**Required action**
When the line containing "Лист аралии с каплями воды крупным планом" appears in the entries below, begin printing there and stop after the line containing "雅安城投供應鏈有限公司花襄里項目欄桿材料采購結果公示"; print each of those lines exactly and no other line.

**Input data**
-------------------------
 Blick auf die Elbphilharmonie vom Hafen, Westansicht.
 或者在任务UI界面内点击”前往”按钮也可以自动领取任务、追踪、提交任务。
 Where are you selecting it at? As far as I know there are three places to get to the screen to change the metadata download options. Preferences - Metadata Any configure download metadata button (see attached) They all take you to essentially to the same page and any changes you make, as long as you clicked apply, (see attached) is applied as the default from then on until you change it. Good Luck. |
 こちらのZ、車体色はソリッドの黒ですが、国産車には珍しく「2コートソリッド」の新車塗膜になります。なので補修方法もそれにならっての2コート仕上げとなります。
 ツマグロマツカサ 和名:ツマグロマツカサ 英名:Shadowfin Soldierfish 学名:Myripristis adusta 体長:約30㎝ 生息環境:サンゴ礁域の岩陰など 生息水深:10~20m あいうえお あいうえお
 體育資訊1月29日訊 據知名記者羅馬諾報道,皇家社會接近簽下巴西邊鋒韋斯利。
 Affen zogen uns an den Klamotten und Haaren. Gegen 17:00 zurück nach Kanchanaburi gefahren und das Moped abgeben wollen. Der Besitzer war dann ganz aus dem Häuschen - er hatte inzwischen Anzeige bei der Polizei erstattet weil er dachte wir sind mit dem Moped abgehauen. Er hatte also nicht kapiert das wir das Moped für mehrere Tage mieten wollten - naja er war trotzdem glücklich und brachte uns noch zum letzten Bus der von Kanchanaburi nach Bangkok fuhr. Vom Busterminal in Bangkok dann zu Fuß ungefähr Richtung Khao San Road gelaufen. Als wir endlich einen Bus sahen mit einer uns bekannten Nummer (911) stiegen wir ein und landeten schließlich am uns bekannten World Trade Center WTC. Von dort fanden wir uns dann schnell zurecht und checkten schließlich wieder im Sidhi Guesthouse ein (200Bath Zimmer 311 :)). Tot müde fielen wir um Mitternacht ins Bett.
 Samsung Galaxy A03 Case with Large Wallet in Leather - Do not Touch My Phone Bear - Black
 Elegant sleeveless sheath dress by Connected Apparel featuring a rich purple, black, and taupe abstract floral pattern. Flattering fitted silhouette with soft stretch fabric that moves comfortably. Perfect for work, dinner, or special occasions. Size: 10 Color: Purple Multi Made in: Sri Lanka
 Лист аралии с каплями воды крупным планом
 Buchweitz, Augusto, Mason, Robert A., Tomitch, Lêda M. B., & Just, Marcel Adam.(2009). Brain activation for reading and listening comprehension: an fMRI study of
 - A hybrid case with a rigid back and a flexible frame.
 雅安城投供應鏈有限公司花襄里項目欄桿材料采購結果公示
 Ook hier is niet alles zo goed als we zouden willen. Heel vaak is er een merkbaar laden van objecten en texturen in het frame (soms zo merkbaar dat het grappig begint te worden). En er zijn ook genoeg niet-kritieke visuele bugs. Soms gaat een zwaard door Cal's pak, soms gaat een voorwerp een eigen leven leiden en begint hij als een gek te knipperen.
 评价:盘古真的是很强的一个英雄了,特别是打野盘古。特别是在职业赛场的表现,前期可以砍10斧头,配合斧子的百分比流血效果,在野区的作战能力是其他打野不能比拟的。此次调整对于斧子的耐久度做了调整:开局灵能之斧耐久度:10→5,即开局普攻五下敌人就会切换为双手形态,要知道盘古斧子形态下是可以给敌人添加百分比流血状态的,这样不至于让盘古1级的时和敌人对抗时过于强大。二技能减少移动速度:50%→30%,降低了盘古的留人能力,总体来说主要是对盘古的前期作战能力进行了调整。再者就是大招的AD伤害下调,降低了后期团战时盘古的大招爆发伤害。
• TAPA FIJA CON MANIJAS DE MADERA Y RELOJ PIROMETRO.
-------------------------
**Task solution**
 Лист аралии с каплями воды крупным планом
 Buchweitz, Augusto, Mason, Robert A., Tomitch, Lêda M. B., & Just, Marcel Adam.(2009). Brain activation for reading and listening comprehension: an fMRI study of
 - A hybrid case with a rigid back and a flexible frame.
 雅安城投供應鏈有限公司花襄里項目欄桿材料采購結果公示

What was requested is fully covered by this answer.